You also mention the "Larry Scott Curl." Scott has absolutely no right to give his name to this exercise - nor does Gironda. It was around years before either of them were well known. The guys at Abe Goldberg's gym were using it in the 1950s. Alan Stephan was using it in the 1940s. Joe Assirati and I were using it in the 1930s and it was being used way back in the 1920s by Bert Assirati, Joe's and my cousin. And it was beyond doubt being used way back at the turn of the century.
Your point is well taken re the problems that confront the beginner entering into weight training and the confusion that confronts him.
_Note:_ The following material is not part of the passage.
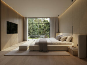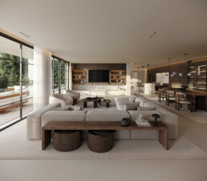 El acceso a la villa según proyecto se realiza tanto peatonalmente como en vehículo desde la calle, conduciendo a dos zonas de aparcamiento: un espacio abierto bajo pérgola y un garaje cerrado con trastero anexo. Este nivel de entrada también cuenta con un elegante vestíbulo y el núcleo de circulación vertical, compuesto por escaleras y ascensor que conectan las tres plantas.

A barbell is a barbell, purely utilitarian. Anything else on it like chrome is purely cosmetic and does little or nothing to enhance the gaining power and growing power of strength and muscle in those who use the chromed implement. Bodybuilding is so simple. All one has to do is get a good book on kinesiology, see what functions the muscles perform and then come up with an exercise that duplicates the muscles' actions. 
The trouble today is exactly the point I was trying to make in my article in IRONMAN. this article was originally entitled "LET'S HAVE HONESTY IN WEIGHT TRAINING," but Balik thought that the title "THE BASICS NEVER CHANGE" sounded better.
The sport has become so commercialized that honesty and fair play in it can no longer exist. Once there were some ideals in it. Once there was some comradeship, once you got fun and pleasure out of meeting your pals three times a week in some damp, dingy parish or church hall and working out. Money gained through weight training was foreign to your entire gamut of thought. Now it's ALL they think about. 
When people have to cheat and lie and steal to get ahead in the world, they reduce themselves to the level of pimps and prostitutes. These people also make money, but it's not the way I'd care to make mine. If you have no scruples, if you have no integrity, and are willing to STEAL the ideas of others, take the credit from those who really deserve it and have earned it, why sure, one can make a lot of money, b ut he is at the level of the pimps and prostitutes. 
The modern muscle mag moguls [update information delivery means here if you like] prey on the beginners insecurity and vanity. Most of the ads in the mags are deceptive and some downright dishonest, claiming the product will do wonders and work miracles when it does nothing of the kind. Look at some of the ads that promise you THE BODY YOU WANT in three months. They know full well that no outstanding physique can be built in three months or for that matter three years. It's a lifetime commitment, or one of 10 to 15 years to get where you want to go, and even then your prospects are greatly conditioned by genetic heritage. 
Just go into any modern gym today and see what's going on. Once, we all took our turns when it came to using this weight or that piece of equipment. We shared the gear and our knowledge of how to use it. All the old idealism that came in with MacFadden and went out with Hoffman and the Woodland Hills Wunder have vanished. Now it's money, money, money.